5. iRobot (NASDAQ: IRBT)
A Growing but Heavily Shorted Consumer Robotics Company
iRobot works in the exciting and growing consumer robotics industry. However, the stock has had a tumultuous year. After dramatic gains early in 2021, the stock has been on a downward slide, and now trades just about at the same level it did when the year opened.
However, there’s a strong argument for investing in the company.
Many argue that from a fundamental standpoint, the company is doing quite well. Not only has it seen revenue growth, it has beaten analyst expectations for earnings for four consecutive quarters.
Furthermore, heavy short selling of the stock — which the bulls argue is unwarranted — has been holding the price down. The stock currently trades with over 25% short interest. But that heavy selling pressure also creates an opportunity.
With strong fundamentals and heavy short interest, it wouldn’t take much to get a short squeeze going on the stock, which would reward the bulls in a big way.
Risks to Consider
Although iRobot looks to be an attractive play, there are a couple of significant risks to consider:
- Continued Short Interest. Continued heavy short interest on the stock may lead to a continuation of the downward movement we’ve seen.
- Betting Against the Trend. Since the beginning of 2021, the stock has been on a steady downward trend. Betting against a trend is often a risky move that can lead to significant losses.
Practice Heavy Diversification When Making High-Risk Investments
High-risk stocks that offer the potential for higher-than-average returns are exciting, but if you’re going to get involved, it’s important to stay diversified.
Only a small percentage of your portfolio’s allocation should be invested in high-risk stocks. The remainder should be invested in quality companies with a history of growth and the ability to stay on the same path.
When practicing diversification, if one or more of your high-risk investments doesn’t pan out as you would have liked, gains in other safer moves in your portfolio will help to ensure the losses don’t become too much to bear.
All in all, the stocks mentioned above come with increased risk compared to stable, blue-chip companies, but in the stock market, being willing to take risks often pays off.
Before making any investment decision, it’s important to do your own research and get a detailed understanding of just what you’re buying.

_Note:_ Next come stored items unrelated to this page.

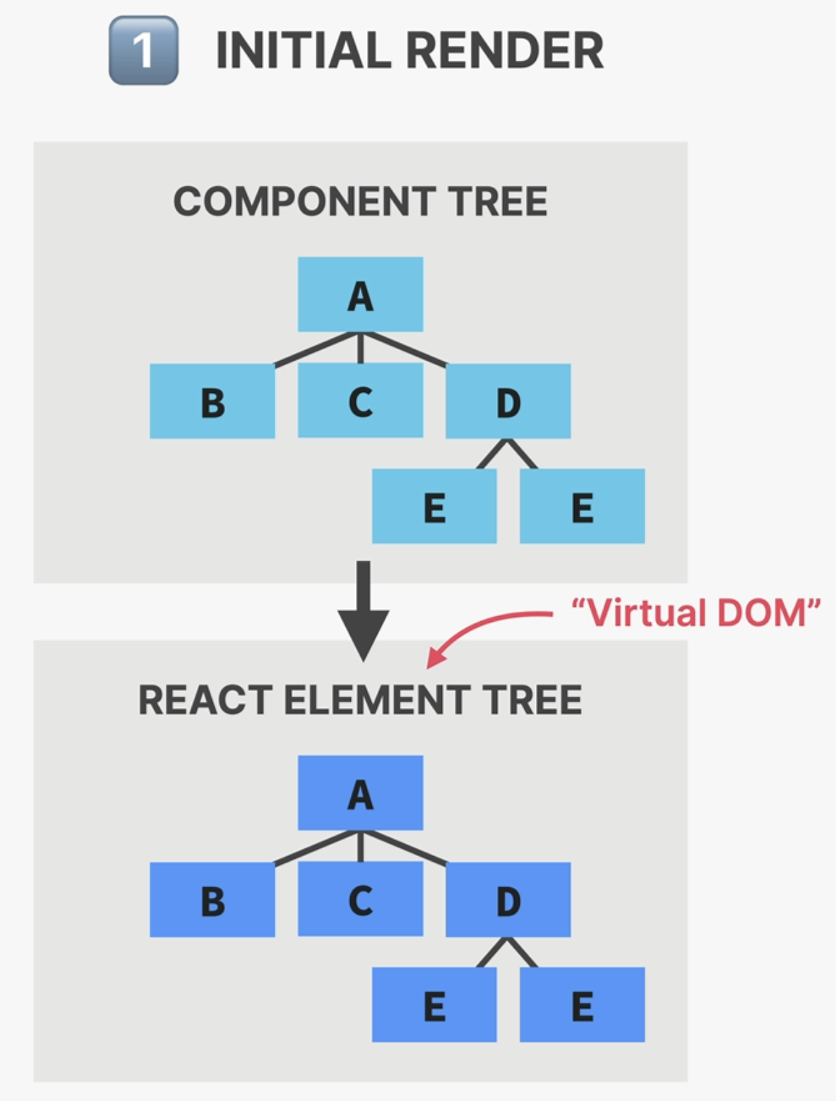 처음 Render가 발생할 때, React는 전체 Component Tree를 받고(Take) 이를 하나의 큰 React Element Tree로 만든다. 이 React Element Tree를 Virtual DOM이라고 부른다. Virtual DOM이란 Component Tree안에 모든 인스턴스로부터 만들어진 React Elements의 Tree이다. Virtual DOM은 자바스크립트 객체로 반복적인 작업이 많더라도 상대적으로 가볍고(Cheap) 빠르게 multiple tree를 구성한다. 많은 사람들이 React를 설명할 때 Virtual DOM을 가장 많은 예시를 든다. Virtual DOM이 단순히 자바스크립트 객체라면 그렇게 어려운 개념이 아니다. React 공식 문서에도 Virtual DOM란 단어는 이제는 사용하지 않는다. 하지만, 많은 사람들이 사용하고 있는 개념이고 React Element Tree라는 단어보다 더 세련되어 보인다. 또한, 어떠한 사람들은 Shadow DOM이라는 단어와 혼동하기도 한다. Shadow DOM은 Virtual DOM과 아무런 관련이 없다. Shadow DOM은 브라우저 기술로 웹 컴포넌트에 사용된다.
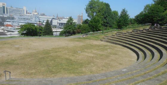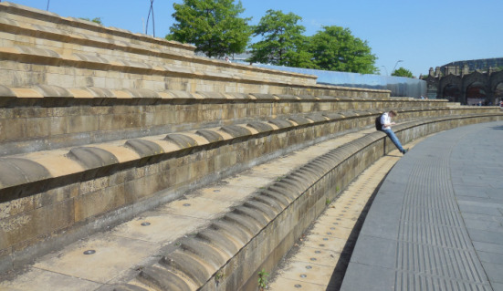 Behind this stop go up the steel steps to an amphitheatre built into the South Street Park hillside as part of an £800,000 plan to regenerate the area behind Sheffield Midland station and create a green corridor from Victoria Quays to Norfolk Park. The amphitheatre seats 1000 and has been used to host performances of Shakespeare.
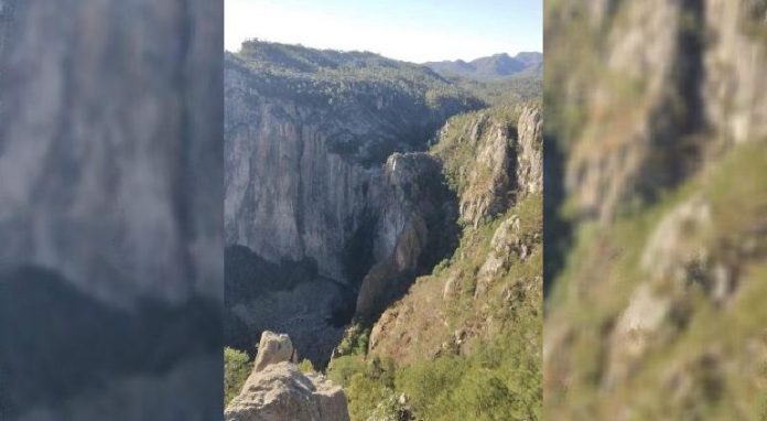 Fotografía sobre la Cascada de Basaseachi que circula en redes sociales desde el fin de semana muestra la falta de agua que suele verse caer dede lo alto de los cerros en del municipio de Ocampo.
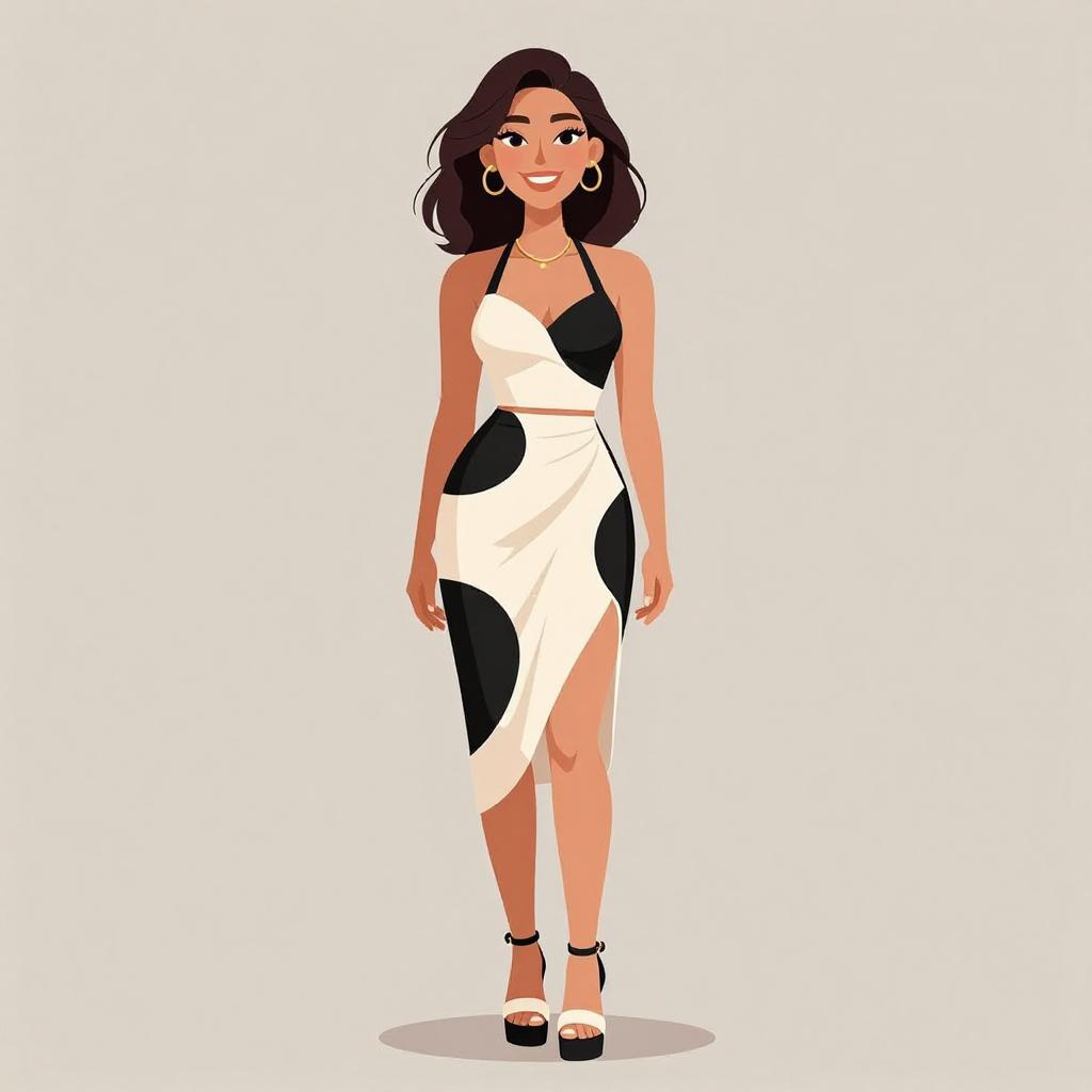 Digital illustration of a smiling woman with medium-length black hair, wearing a short, form-fitting brown dress, gold hoop earrings, and a leaf-shaped

Disclaimer: The author currently has no positions in any stock mentioned herein nor any intention to hold any positions within the next 72 hours. The views expressed are those of the author of the article and not necessarily those of other members of the Money Crashers team or Money Crashers as a whole. This article was written by Joshua Rodriguez, who shared his honest opinion of the companies mentioned. However, this article should not be viewed as a solicitation to purchase shares in any security and should only be used for entertainment and informational purposes. Investors should consult a financial advisor or do their own due diligence before making any investment decision.